This is where I would discover the error, once everything was threaded, tied, and tensioned, when I wove the 'heading', I'd see three threads where two should be ......

So I'd start again, I'd check to see if the mistake was fixable easily, and each time the answer was not. To sort the mistake I had to unthread half the threads and work out towards the side again. I couldn't switch two threads over, or slide a heddle into palce, so I would undo, and be even more careful, count, and thread and check and repeat.

Which is where I have been for the past week, wondering what it is about weaving that makes me want to do this, to put myself through this. I'm not a careful planning check and count person - so I'm surprised that I'm working on this and undoing things and spending days correcting errors, and beyond that I'm planning to do this again and again. I think it's about being able to - but I'm not sure. There is a an incredible sense of satisfaction when it is all set up and works - and maybe as a mechanics daughter that ticks a box that needs ticking, problem solving and making it work as a whole. Maybe a loom set up and ready to weave on is like an engine in perfect tune, balanced and magic in the working.

But - I don't know why I'm doing this, and why I want to do more of this thing that requires me to be more careful than I've ever been. And that kind of bewilders me, not bothers, not worries, but has me wondering what is the drive this time.

Oh and little cub and I are knitting socks, she knits one, I knit the other and we swap occasionally. Dr who tardis socks - details to follow. Deadline -school camp in three weeks. Underneath is some unwashed spinning, four skeins of three ply - 300g, as before - details to follow.

Na Stella


Saturday, August 23, 2014

I'm weaving ! And my feet are part of the process.

Well, ok, I've been weaving before, but this time I am weaving on a floor loom so my feet get to join in, and the process feels more fluid than using the table loom. You would not believe how difficult it was to come up with the word fluid, I tried proper, real, professional, and active - and none of those words were the right one. I wanted to convey how weaving on the floor loom was not at stop-start a process as weaving on the table loom, the simple action of using feet to change the shed instead of hands means that hands only have to do two things, beat and throw the shuttle.

But the table loom is good, there is a place for portable and small looms. I've enrolled in a two day workshop next month that loos at four shaft weaving on a table loom. No way I could lug a floor loom to a workshop. the second body of weaving is off the table loom now, hemstitched and cut up into cloths. It's a pointed twill weave from the same book I mention below.

I ended up with edges that I'm more pleased with than the ones I started with, about two thirds of the way along the 1.5m warp a slim boat shuttle arrived from Bluster bay.

The boat shuttle made weaving more fun, instead of having to unwind end over end a length of weft long enough to cross the warp - I could just slide the boat shuttle from one side to the other. Truely there are tools that do make working more pleasant, and this is one of them.

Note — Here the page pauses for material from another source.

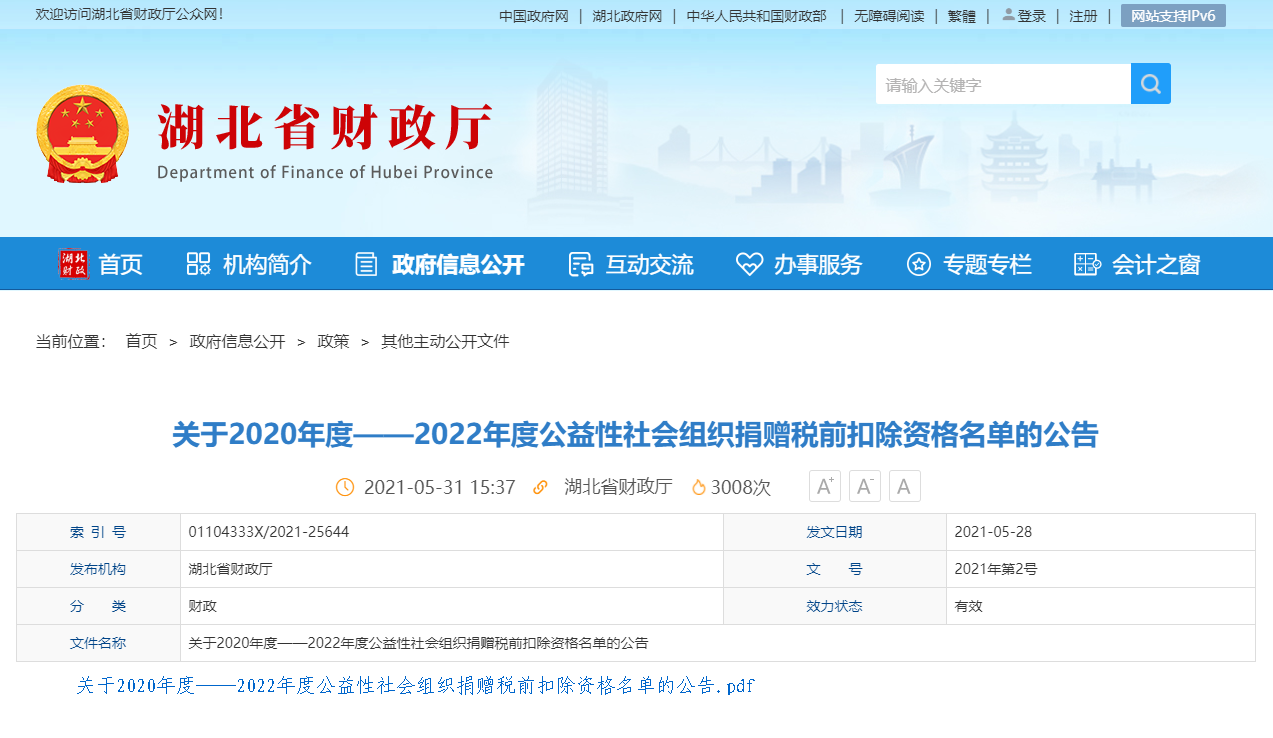 上一篇: 湖北省财政厅 国家税务总局湖北省税务局 湖北省民政厅关于2023年度—2025年度公益性社会组织捐赠税前扣除资格名单的公告

There was of course drama with the shuttle, the weft is wound on small card tubes, and I thought I could use my majacraft spinning wheel to wind the weft thread on. Turns out the majacraft spindle is way to thick for the cardboard tubes - and I didn't have a hand or power drill that could be sacrificed as a electric diy winder. I did wind one using a hand drill, one by hand, and one using a dremmel - all of which worked but not in a way that encouraged doing it that way again. So I splurged and spend all my pocket money on a swedish bobbin winder with a thin tapered shaft. I read up on winders first, and there seem to be those who use electric - often a diy repurposed drill or sewing machine motor, and those who wind using a manual winder. Of the manual winders I found enough who said they had worn out a winder - or two - and eventually bought a swedish one. The reports from those people were along the lines that it was good, easy to use, and durable - so durable that they should have bought that kind in the beginning. So I decided to follow their advice - it was expensive - but when it arrived I recognized it was a lovely mechanical peice of equipment.

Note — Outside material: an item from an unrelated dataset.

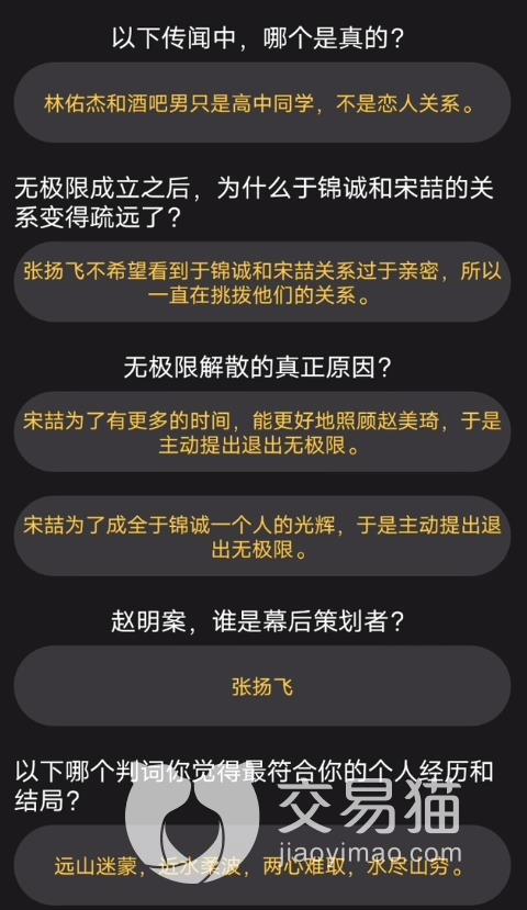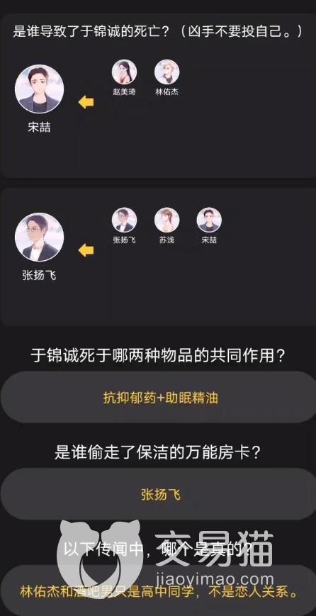 无论林佑杰肯不肯承认,他和于锦诚都在10:20至10:30期间吸了一根电子烟(一般人在未确认死亡原因前,都不会透露自己是什么时候吸的),但是从现在的情形看来,林佑杰的确是在10:20至10:30这一期间吸了一根,而且还不能排除他杀人的可能性。玩家要破解于锦诚的计算机密码,才能得到最新的一条微博,而根据图片来看,这条微博发布时间大约在2点30分,也就是2点30分的时候,就已经喝得烂醉如泥了,这种情况并不符合迷幻与酒精的双重作用,林佑杰被杀的可能性基本可以排除。

Here is the full spectrum of selvedges, from the very wobbly first inches (underneath and to the left) to the edges woven with the boat shuttle. Much smoother and straighter. I guess if I can improve this much over 1.5m then over the next 20 or 50 m of weaving my selvedges with be even better, just like a new knitter gets better at making even stitches.

I used black in the warp but avoided using black in the weft for most of the weaving, only adding a little at the end. I wish I had added black earlier - it made the pattern pop.

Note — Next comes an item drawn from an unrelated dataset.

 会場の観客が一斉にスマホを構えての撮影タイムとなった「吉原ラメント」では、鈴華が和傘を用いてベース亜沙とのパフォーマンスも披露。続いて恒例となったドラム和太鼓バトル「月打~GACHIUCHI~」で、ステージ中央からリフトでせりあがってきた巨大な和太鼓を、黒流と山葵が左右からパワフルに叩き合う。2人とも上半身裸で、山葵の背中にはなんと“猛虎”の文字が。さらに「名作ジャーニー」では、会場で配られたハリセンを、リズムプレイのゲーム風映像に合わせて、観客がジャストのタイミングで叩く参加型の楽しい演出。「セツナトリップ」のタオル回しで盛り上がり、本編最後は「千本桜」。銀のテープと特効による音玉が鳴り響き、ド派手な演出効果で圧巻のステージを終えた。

And here is the all hand all feet weaving, I chose a draft from a library book, The Handweavers Pattern Directory, over 600 patterns for four-shaft looms by Anne Dixon. The draft is on page 67 and is filed under the chapter on Point Drafts, but isn't given a name. When weaving I am sitting sort on the upper right corner of the image, but the effect of the pattern is more clearly seen from the side.

The first bit of weaving was odd (closest to th upper right corner), even me as a non weaver could see that what I was weaving didn't look like the pattern in the book. I checked my tie up on th treddles and found I had done something completely odd. I retied the first and third treddle and surprise, the pattern I wanted appeared. A little part of me was rather pleased I had identified that there was a problem and that I was able to fix it.

The test weave is a scarf for Bear, warped with some pale grey vintage Purls sock yarn left over from a cardign. The warp is going to be made up of wide stripes of a variety of dark grey, blue, green left over yarns, also vintage Purls sock. My hope is that this won't look too much like a left overs project. I have large quantities of some yarns, one is a mint unused skein, and plan to alternate that with the yarns I have less of. That should look at least planned more than a weird accident. The scarf is a test weave of my skills, a learning peice, I know the loom can do this, so the test is can I get the loom to do this.

One of the things people say about countermarch looms is that you can get a nice clear shed. This is the shed - technical term for the opening through the weft made by lifting and lowering shafts - after a wee bit of tweaking. There are I some stray threads, some that sit higher or lower than the others. If I was to push the beater back a little, the shed would look even more open.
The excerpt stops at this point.